With the rapid development of chemical substances, we look forward to future research findings about 107867-51-6.

Reference:
Patent; AMGEN INC.; WO2004/35549; (2004); A1;,
Pyridine – Wikipedia,
Pyridine | C5H5N – PubChem

Application of 6945-67-1 ,Some common heterocyclic compound, 6945-67-1, molecular formula is C5H3BrN2O2, its traditional synthetic route has been very mature, but the traditional synthetic route has various shortcomings, such as complicated route, low yield, poor purity, etc., below Introduce a new synthetic route.

Combine 2-bromo-4-nitropyridine (1.00g, 4.93mmol), 4-methylpiperidin-4-ol(709.23mg, 6.16mmol) and cesium carbonate(2.41g, 7.39mmol) dissolved in 30mL In 1,4-dioxane solution, react overnight at 100C. LC-MS detection, the reaction is over,Cool to room temperature, filter, concentrate the filtrate and purify by column chromatography to obtain the title compound.

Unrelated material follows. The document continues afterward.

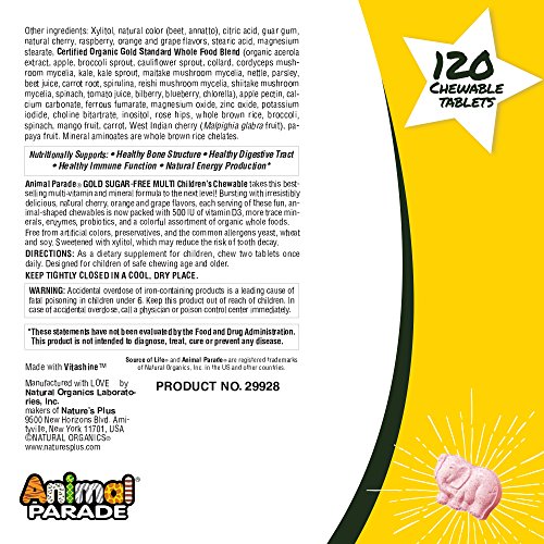 • Natures Plus Animal Parade Source of Life GOLD Childrens Multivitamin - Assorted Cherry, Orange & Grape Flavors - 120 Chewable Animal Shaped Tablets - Organic Whole Foods, Gluten Free - 60 Servings

In the field of chemistry, the synthetic routes of compounds are constantly being developed and updated. I will also mention this compound in other articles. 6945-67-1, 2-Bromo-4-nitropyridine, other downstream synthetic routes, hurry up and to see.

Reference:
Patent; Nanjing Shenghe Pharmaceutical Co., Ltd.; Wang Yong; Zhao Liwen; Wang Yazhou; Quan Xu; Liu Haixuan; Wang Xiaowei; Zhang Yan; Li Xue; Cao Chen; Guo Zhuang; Lv Kunzhi; Wang Hai; Zheng Guochuang; (126 pag.)CN111196804; (2020); A;,
Pyridine – Wikipedia,
Pyridine | C5H5N – PubChem

Adding a certain compound to certain chemical reactions, such as: 182181-42-6, 2-(Chloromethyl)-8-methylimidazo[1,2-a]pyridine, can increase the reaction rate and produce products with better performance than those obtained under traditional synthetic methods. Here is a downstream synthesis route of the compound, 182181-42-6, blongs to pyridine-derivatives compound. SDS of cas: 182181-42-6

67(D) 8-Methyi-2-(4-(trimethyisiiyi)but-3-ynyl)-imidazo[1,2-a]pvridine ;To a solution of trimethyl(prop-1-ynyl)silane (259 mg, 2.31 mmol) in THF (7.5 mL) at -78C was added n-BuLi 2.5M in hexane (1.1 mL, 2.8 mmol). After 90min at -78C 2-(chloromethyl)-8-methyl-imidazo[1,2-a]pyridine (500 mg, 2.8 mmol) in THF (5 mL) was added dropwise. The solution became blue-green at-78C. The solution was stirred at-78C for an additional 1h. The reaction was quenched with water and the solvent was removed under reduced pressure. The crude product was purified over silicagel chromatography (prepacked 25 g silicagel column, DCM/MeOH from 100/0 to 99/1 as eluent) to afford 590 mg of 8-methyl-2-(4-(trimethylsilyl)but-3-ynyl)- imidazo[1,2-a]pyridine (Yield : 100%) as an yellow oil. LCMS (RT) : 0.59-2.61min; MS (ES+) gave m/z : 257.1 Rf (DCM/MeOH : 95/5) : 0.22

These compound has a wide range of applications. It is believed that with the continuous development of the source of the synthetic route,182181-42-6, its application will become more common.

Reference:
Patent; ADDEX PHARMACEUTICALS SA; WO2005/123703; (2005); A2;,
Pyridine – Wikipedia,
Pyridine | C5H5N – PubChem

With the rapid development and complex challenges of chemical substances, the synthesis of new drugs is usually one of the most effective ways to increase yield.1074-98-2, name is 3-Methyl-4-nitropyridine 1-oxide, molecular formula is C6H6N2O3, molecular weight is 154.13, as common compound, the synthetic route is as follows.HPLC of Formula: C6H6N2O3

[0334] 3-Methyl-4-nitropyridine 1-oxide (24.1a, 12.0 g, 0.07786 mol) was dissolved in acetyl chloride (60.00 mL). The reaction was heated to reflux for 2 hours. After cooling the reaction was poured onto ice and was basified with anhydrous sodium carbonate and extracted with chloroform. The extract was dried with potassium carbonate and filtered. The chloroform was evaporated off to yield the desired product in high purity. (85% yield) The MP was taken and found to be at 124 C, which matches literature references.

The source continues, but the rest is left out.